> _How to complete this task_: Pictures in the listing below are skipped, while the lines from the "在時代學校化妝老師高超技藝的" line through the "Elastic jersey blouse" line are returned word for word.

> _Exercise material_:
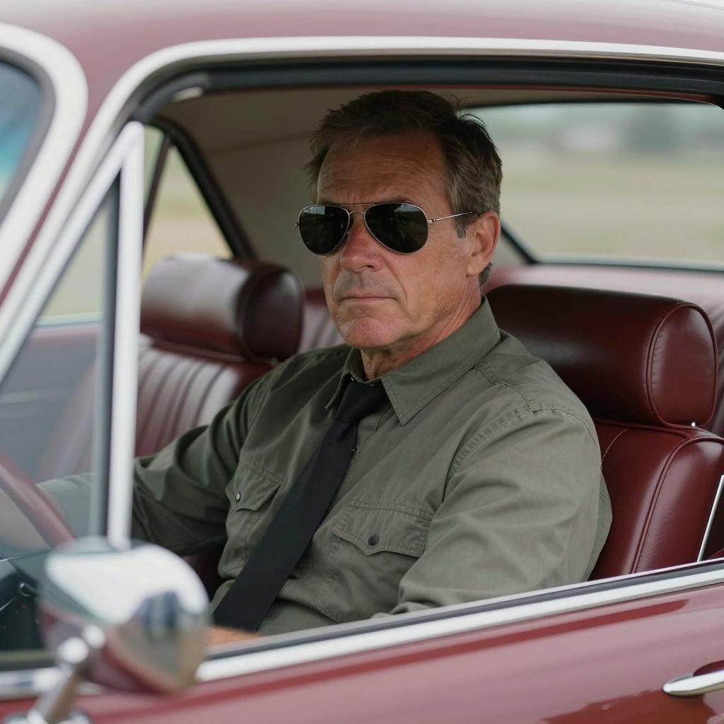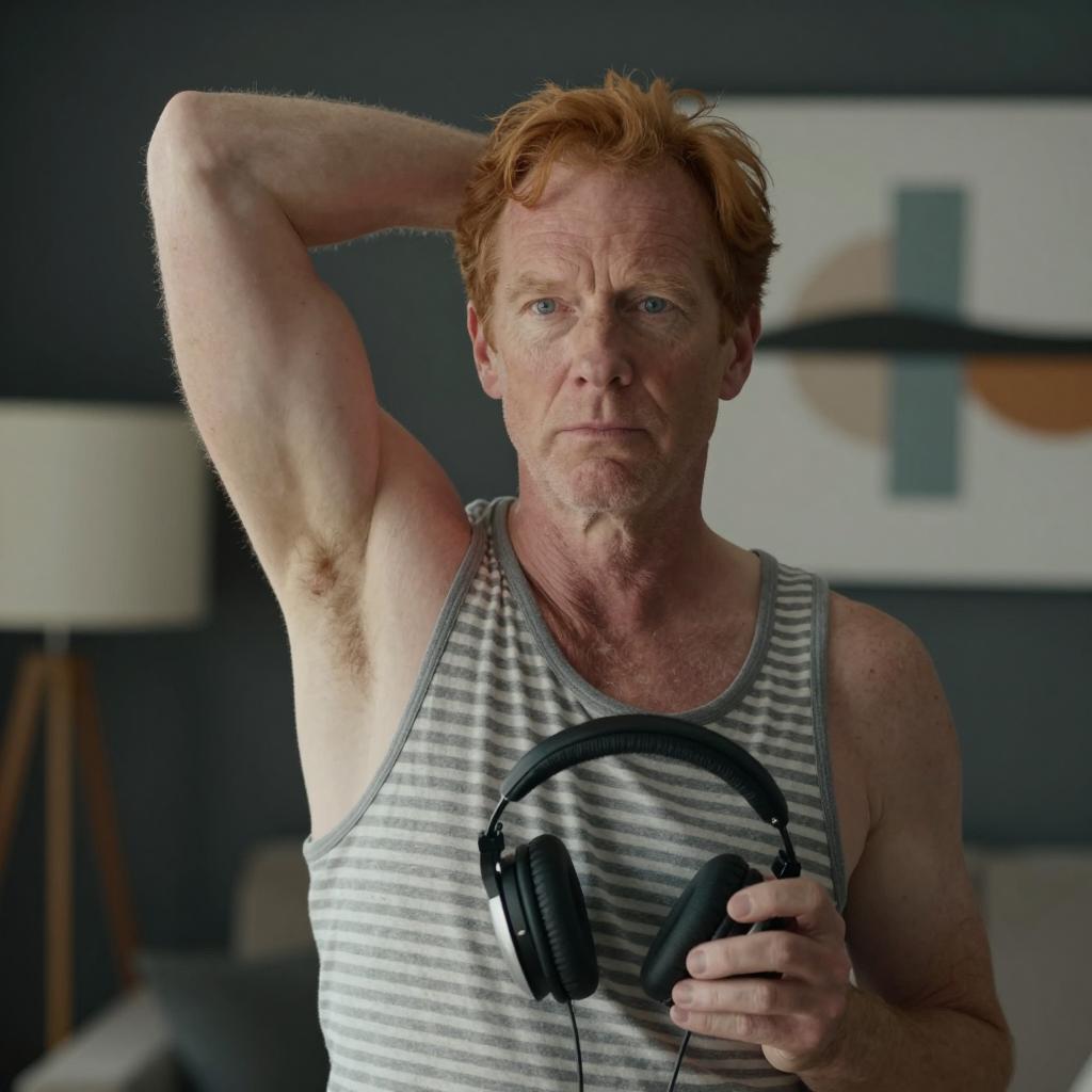 A middle-aged Caucasian man with light brown hair wearing a white t-shirt and blue jeans stands in a dense field of tall green grass. He extends his right arm forward and his left arm backward, displaying a focused expression. The natural outdoor setting emphasizes tranquility and connection with nature.
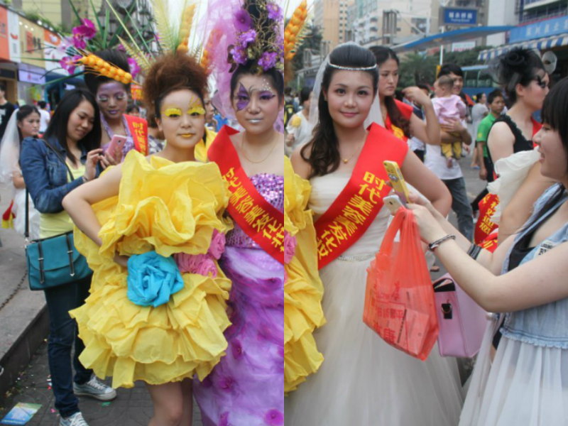 在時代學校化妝老師高超技藝的打磨之下,模特個個驚艷靚麗,使得無數路人紛紛前來拍照合影。
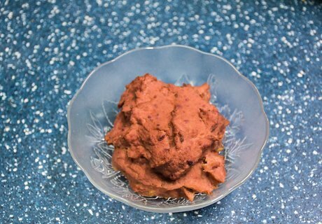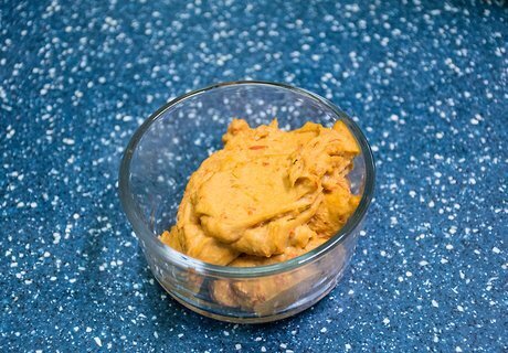 Divide the hummus into equal parts. Divide the hummus in proportion to the amount of vegetables you will be using. With this recipe, you will divide the hummus into nine separate portions, and each will be a different color when they have been blended with the vegetables.
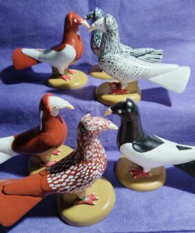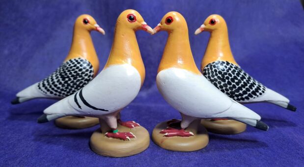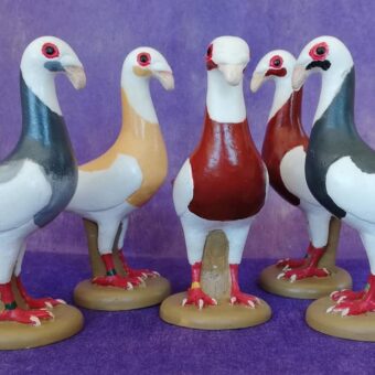In Südafrika haben wir früher Medaillen auf Taubenausstellungen verliehen. Bei einem Clubtreffen im Jahr 2009 schlug jemand vor, alternative Auszeichnungen für unsere regionalen Ausstellungen in Betracht zu ziehen. Der verstorbene Stewart Patterson zeigte uns winzige Figuren, die er aus England mitgebracht hatte. Da ich mit künstlerischen Fähigkeiten gesegnet bin, versprach ich, mir eine Idee auszudenken. Ich recherchierte über Modell- und Formenbau und fand einen lokalen Materiallieferanten. Nach einigen Experimenten erblickte die erste halbdreidimensionale Figur mit flacher Rückseite das Licht der Welt. Aufgrund ihrer unverwechselbaren Merkmale war dies ein Marchenero-Kropfvogel. Im Vergleich zu dem, was ich derzeit anbiete, war dieses Modell schrecklich. Die Füße sahen eher nach Papagei als nach Taube aus!
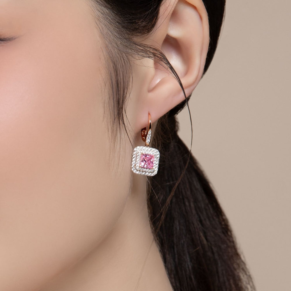 Decorum: ต่างหูเงินชุบโรสโกลด์ประดับ CZ สีชมพู ทรง Radiant Cut ล้อมเพชร CZ
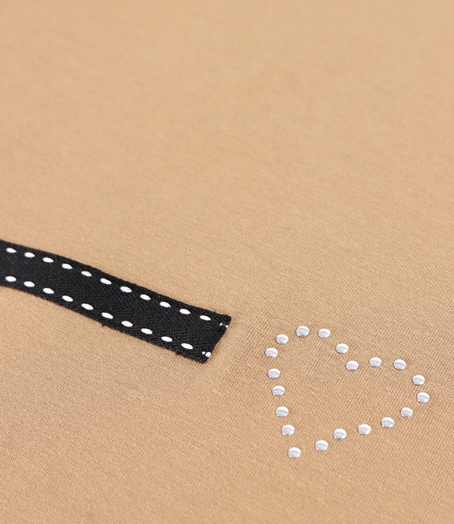 Elastic jersey blouse with rips band at the waist and decorative application in the shape of a heart, with short sleeves and round neckline.
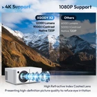 Product Description Feature: 【 Latest Upgraded 1080P Projector 】This 2024 Newest Mini Projector has 1280*720 resolution, 12000 Lumens high brightness, HD lens and 60,000 hours long lamp life, which allow you to enjoy wonderful visual feast more than 20 year. Its LCD color calibration technology and 9000:1 high contrast can restore more intricate color details than other mini projectors, bringing you a real, dynamic and color vibrant 1080P HD projection image quality. 【 Android 12.0 system 】 Built on Android TV 12.0 system. It can run apps like Netflix, HBO Max, Hulu, Prime Video, Apple TV, Flixster, YoutubeTV, you can also download new apps from Appstore. 【 Faster & Stable 5G Dual WiFi Connection 】This projector is equipped with the latest 5G WiFi technology, which can effectively avoid signal interference, ensure stable signal and fast transmission speed. So you can watch videos or play games smoother and more stable! 【 Mini Design & Large Screen Size Experience 】The mini projector adopts the hand belt design, which is stylish and portable, If you move, travel or camp a lot, this is your best movie watching companion! Its small body is powerful enough to provide a viewing size from 30" to 150" with the projection distance between 1m and 4.5m (The best viewing distance is 5-10 feet). You can get a clear and high quality image by adjusting the manual focus and keystone correction ±40°. With the remote control, the screen size can be zoomed from 50% to 100% without moving the screen, which is very convenient! 【 Bluetooth 5.0 Function & HiFi Stereo Speaker 】Built-in HiFi stereo surround speaker restores the original audio fidelity, so you are able to have an excellent listening experience without connecting external speakers. What's more, you can easily connect it to Bluetooth headphones, speakers and other audio devices to enjoy theater-level surround sound at home. 【 Multiple Devices Compatible 】Equipped with HDMI, Audio, AV and USB interfaces, this full HD video projector is compatible with TV Box, TV Stick, PC, Laptop, Tablet, Smartphone, Chromecast, U Disk, PS4, Xbox, Camer, Speaker, and more. Thanks to the wide compatibility, it can meet your most daily requirements - home theater, video game, party, home, sports matches. Specification: 1. Brightness: 12000 Lumens, Over 230 ANSI 2. Contrast Ratio: 9000:1 3. Projection Size: 30~150" 4. Projection Distant: 1-4.5M 5. Features: Built-in Speakers, Portable, Remote Control, Wifi, Bluetooth, Timer Function 6. Color: White 7. Aspect Ratio: 4:3/16:9 8. Keystone: ±40° Keystone Correction 9. Zoom: 50%⇌100% 11. Lamp Life: 60000 hours 12. Resolution: 1280 x 720p RGB, 1080p 13. Connectivity: 2.4G & 5G Wifi, BT 5.0, HDMI, 3.5mm Audio, USB 2.0, AV 14. Compatible Operating System: iPad, Android, iOS/Mac, Windows 15. Installation: Tripod Stand Mount/Table Placement Package List: 1x WiFi Projector 1x Remote Controller 1x Power Cable 1x HDMI Cable 1x Tripod Stand 1x User Manual On Oct 22, 2024 at 03:00:29 PDT, seller added the following information:
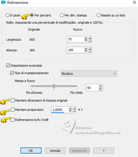 Immagine>Ridimensiona, al 90%, mantieni proporzioni selezionato, ridimensiona tutti i livelli non selezionato.
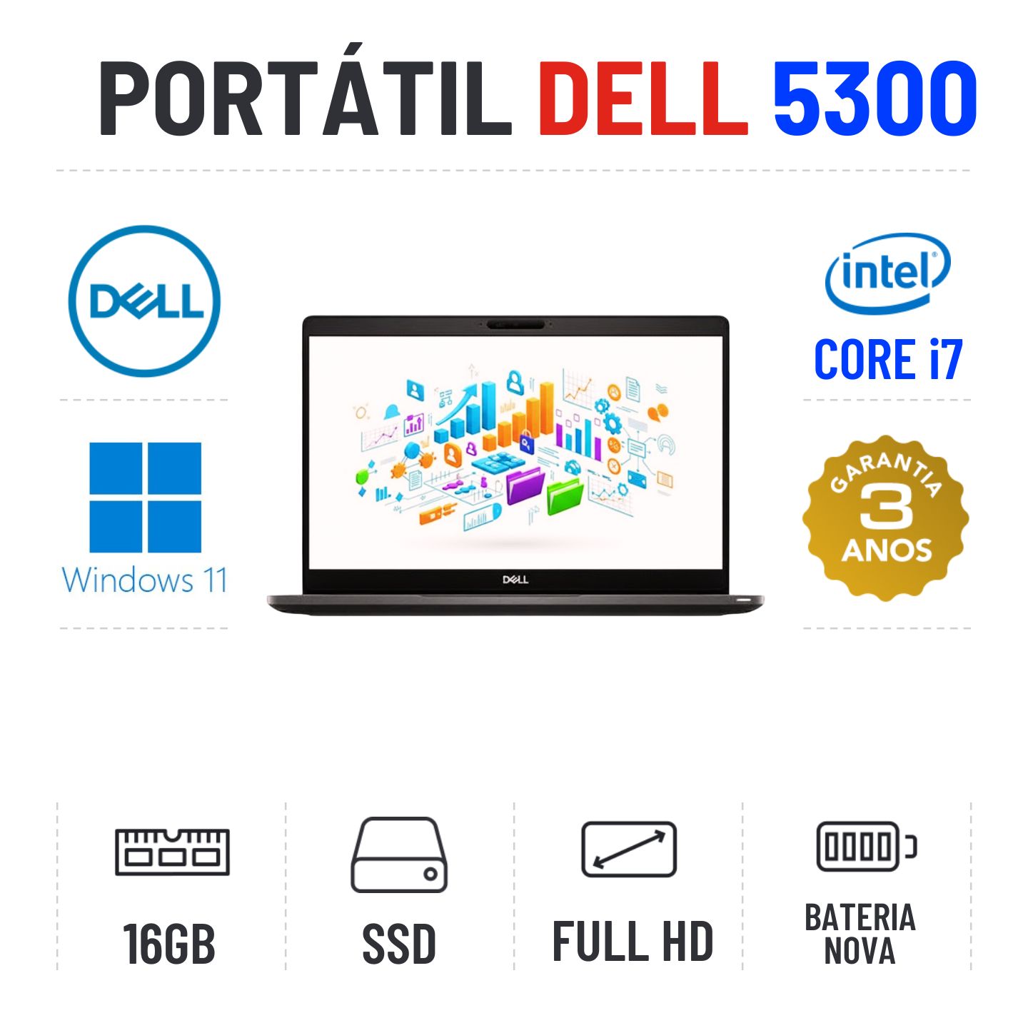 DELL LATITUDE 5300 | 13.3" FULLHD | i7-8665u | 16GB RAM | 480GB SSD | BATERIA NOVAEstado Grau A. Sem qualquer tipo de danos. Somente com ligeiros indicios de uso
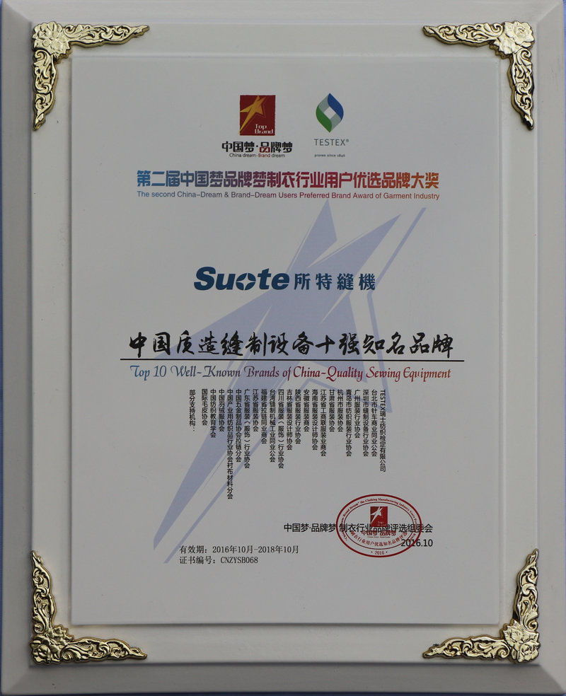 新廠房建成,使用面積3萬多平方米。公司更名為:浙江所特縫制機(jī)械有限公司
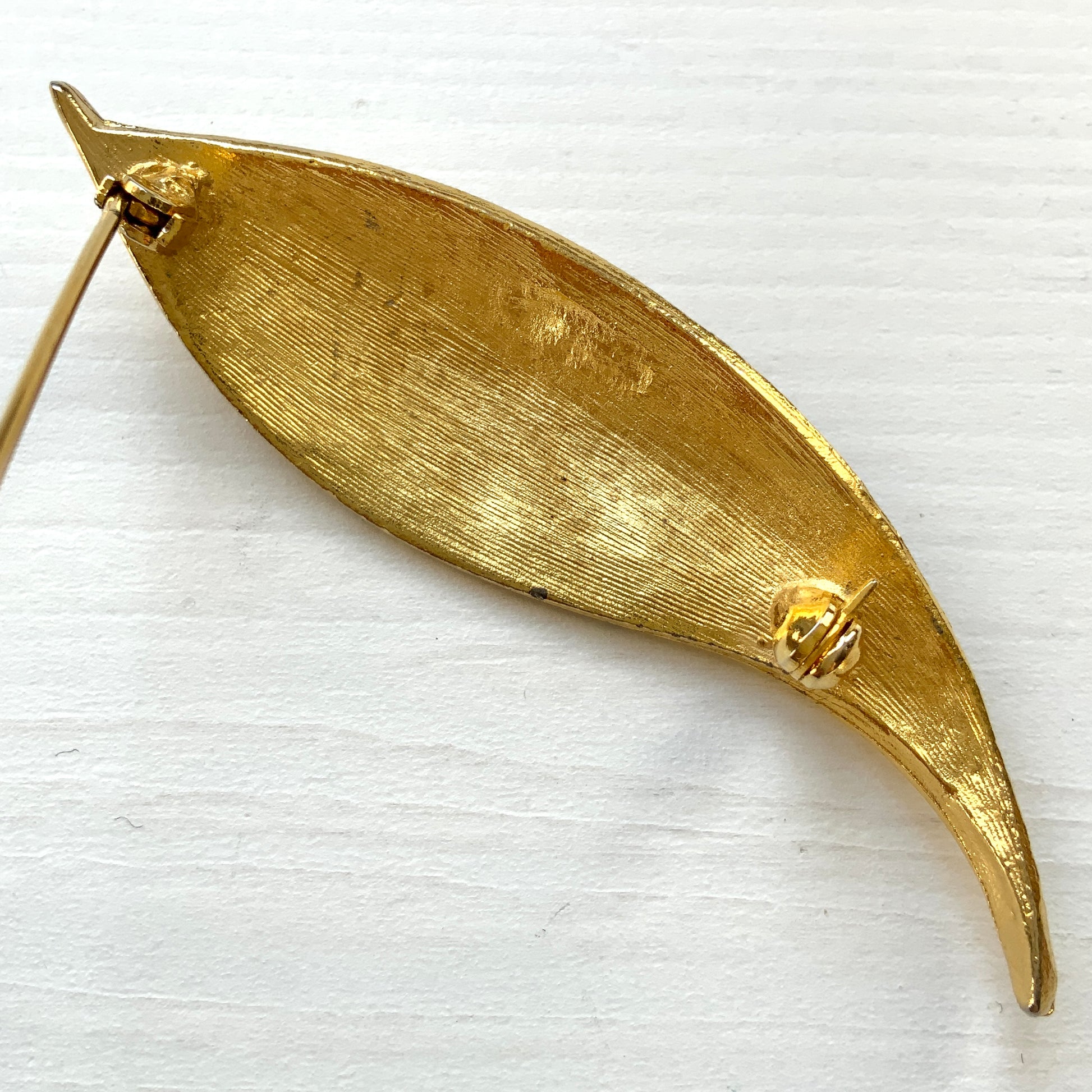 There are very minor surface scratches on the metal and slight wear to the gold tone in a few small areas. The pin is very slightly off-straight, but still works perfectly. (See photo 7) Otherwise, the piece is in excellent vintage condition.
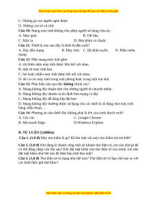Câu 10: Mạng máy tính không cho phép người sử dụng chia sẻ: A. Máy quét. B. Dữ liệu. C. Máy in. D. Bàn phím và chuột.
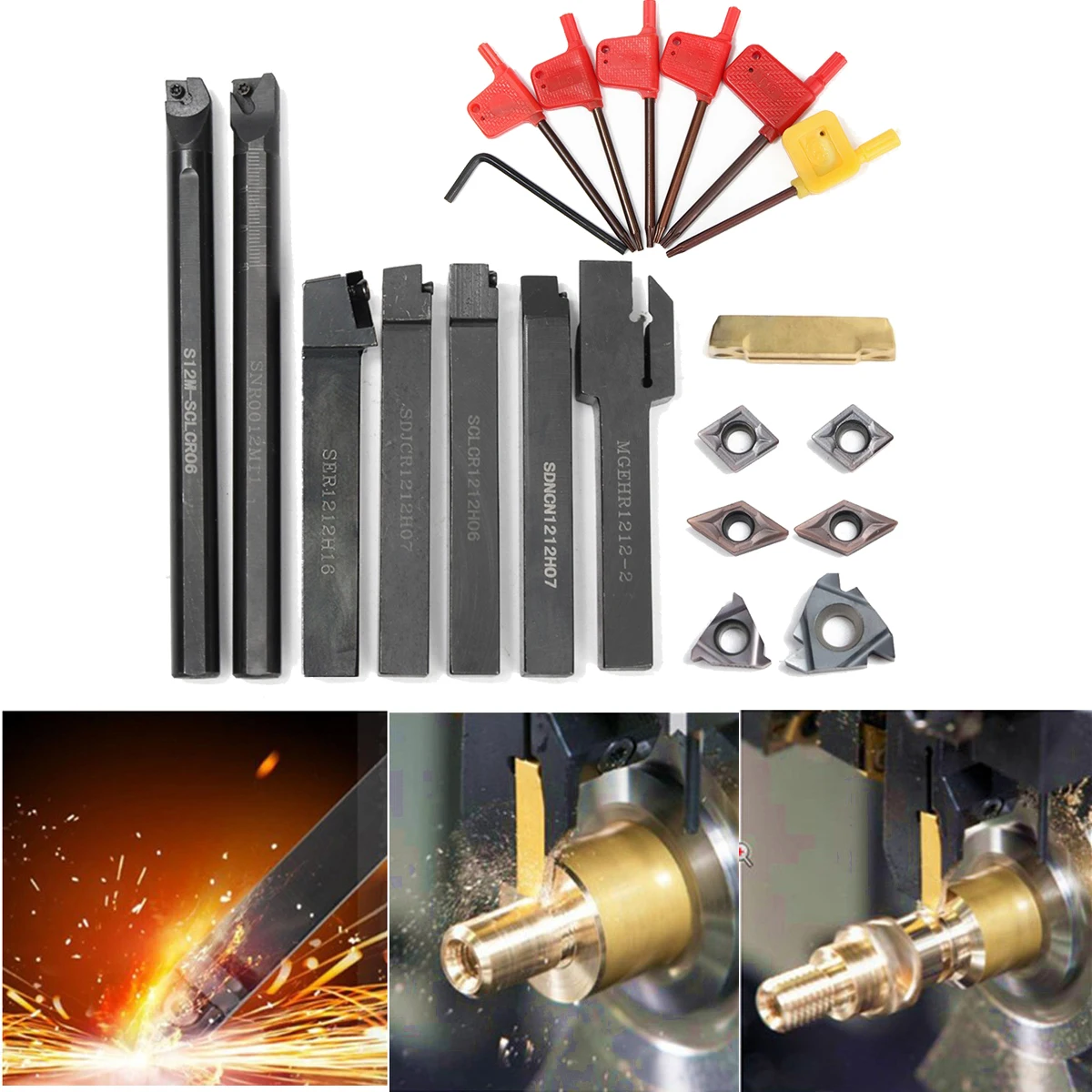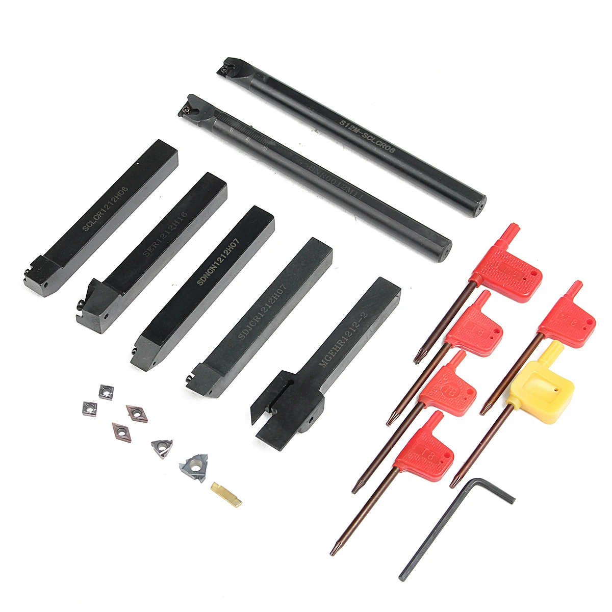 Vente Meilleur 12mm Tour Porte Outil Barre D alésage + 7 pcs Carbure Inserts + Clé Pour Tour Outil de Tournage Pas Cher Prix.

> _Response to this exercise_:
 在時代學校化妝老師高超技藝的打磨之下,模特個個驚艷靚麗,使得無數路人紛紛前來拍照合影。
 Divide the hummus into equal parts. Divide the hummus in proportion to the amount of vegetables you will be using. With this recipe, you will divide the hummus into nine separate portions, and each will be a different color when they have been blended with the vegetables.
In Südafrika haben wir früher Medaillen auf Taubenausstellungen verliehen. Bei einem Clubtreffen im Jahr 2009 schlug jemand vor, alternative Auszeichnungen für unsere regionalen Ausstellungen in Betracht zu ziehen. Der verstorbene Stewart Patterson zeigte uns winzige Figuren, die er aus England mitgebracht hatte. Da ich mit künstlerischen Fähigkeiten gesegnet bin, versprach ich, mir eine Idee auszudenken. Ich recherchierte über Modell- und Formenbau und fand einen lokalen Materiallieferanten. Nach einigen Experimenten erblickte die erste halbdreidimensionale Figur mit flacher Rückseite das Licht der Welt. Aufgrund ihrer unverwechselbaren Merkmale war dies ein Marchenero-Kropfvogel. Im Vergleich zu dem, was ich derzeit anbiete, war dieses Modell schrecklich. Die Füße sahen eher nach Papagei als nach Taube aus!
 Decorum: ต่างหูเงินชุบโรสโกลด์ประดับ CZ สีชมพู ทรง Radiant Cut ล้อมเพชร CZ
 Elastic jersey blouse with rips band at the waist and decorative application in the shape of a heart, with short sleeves and round neckline.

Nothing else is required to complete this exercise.